Documentary Description


This four-episode documentary shows how international relations in the 21st century are  being a reprisal of the Interwars period 90 years ago:

"Britain, like other victorious powers, was determined to disarm, especially now that no conceivable enemy existed. The army was the first to be emasculated. To justify the cuts, the government adopted the 'Ten Year Rule'  - an assumption for the purposes of military planning that peace would last ten years. The navy - guardian of the imperial sea lanes - was drastically diminished. By the start of the 1930s, Britain was a weaker naval power in relation to her rivals than she had been since the 17th century when her fleet had been defeated by the Dutch, Britain's most modern service, the Air Force, was all but grounded.

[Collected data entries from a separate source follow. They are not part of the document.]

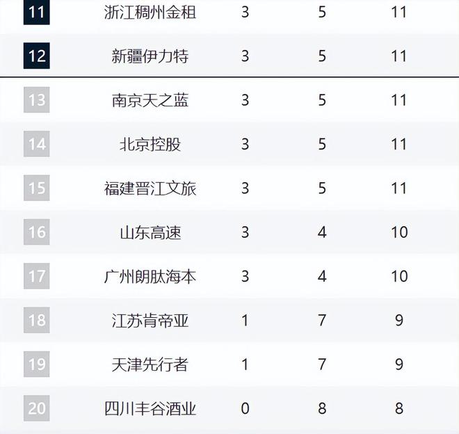 江蘇、天津和四川排在倒數,他們本賽季基本上沒什麽好期待的了。
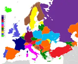Map of European countries by number of neighbouring countries.
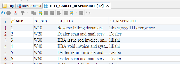 select * from ( select guid, regexp_substr(st_responsible, ‘[^,]+‘, 1, level) responsible from tt_cancle_responsible connect by level <= regexp_count(st_responsible, ‘,‘) + 1 and guid = prior guid and prior dbms_random.value is not null ) where responsible =‘wyy‘;
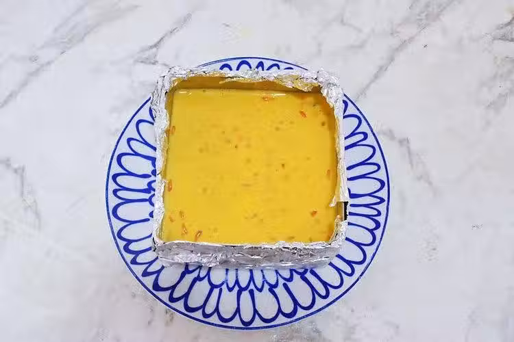 10、將芒果慕斯蛋糕放入冰箱中冷藏24小時,等待慕斯蛋糕凝固成型即可,脫模的時候可以用吹風機吹一下,將蛋糕脫模即可食用。
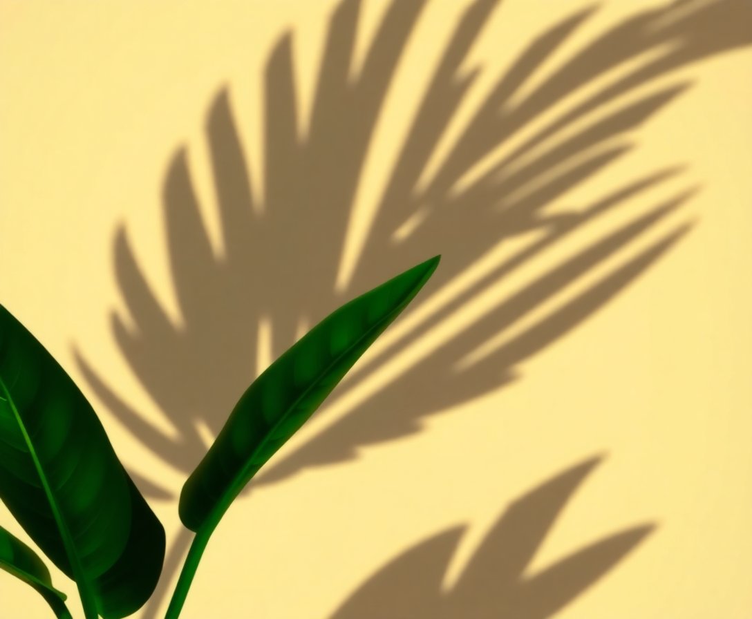 This unique combination of earthy tones and tropical plant silhouettes creates stunning abstract realism. The ochre color palette adds warmth while botanical shadows provide sophisticated artistic depth.

When the war ended, the Royal Air Force was the largest air force in the world and the only independent air force in existence. lt had 22,000 aircraft on charge, 1,600 of them in actual action on the Western Front. And then, dramatically, in two years, it had reduced from 22,000 on charge to only 120 serviceable aircraft in the whole of the Royal Air Force. Tremendous drop. And aircrafts were being scrapped, chopped up, burned in every direction. You could buy an SE-5 fighter for five pounds and a 504 trainer for joy riding for ten. Weakened by disarmament, the British put their trust in the League of Nations, set up in Geneva, the League was to settle disputes by arbitration and in the last resort would fall back on 'collective security'. ln extreme cases, this meant joint military action by member nations. Britain's immediate concern was the preservation of its vulnerable Empire. By the 1930s, she was scarcely strong enough to protect even the British lsles against a threat from Europe, and that was only a first commitment."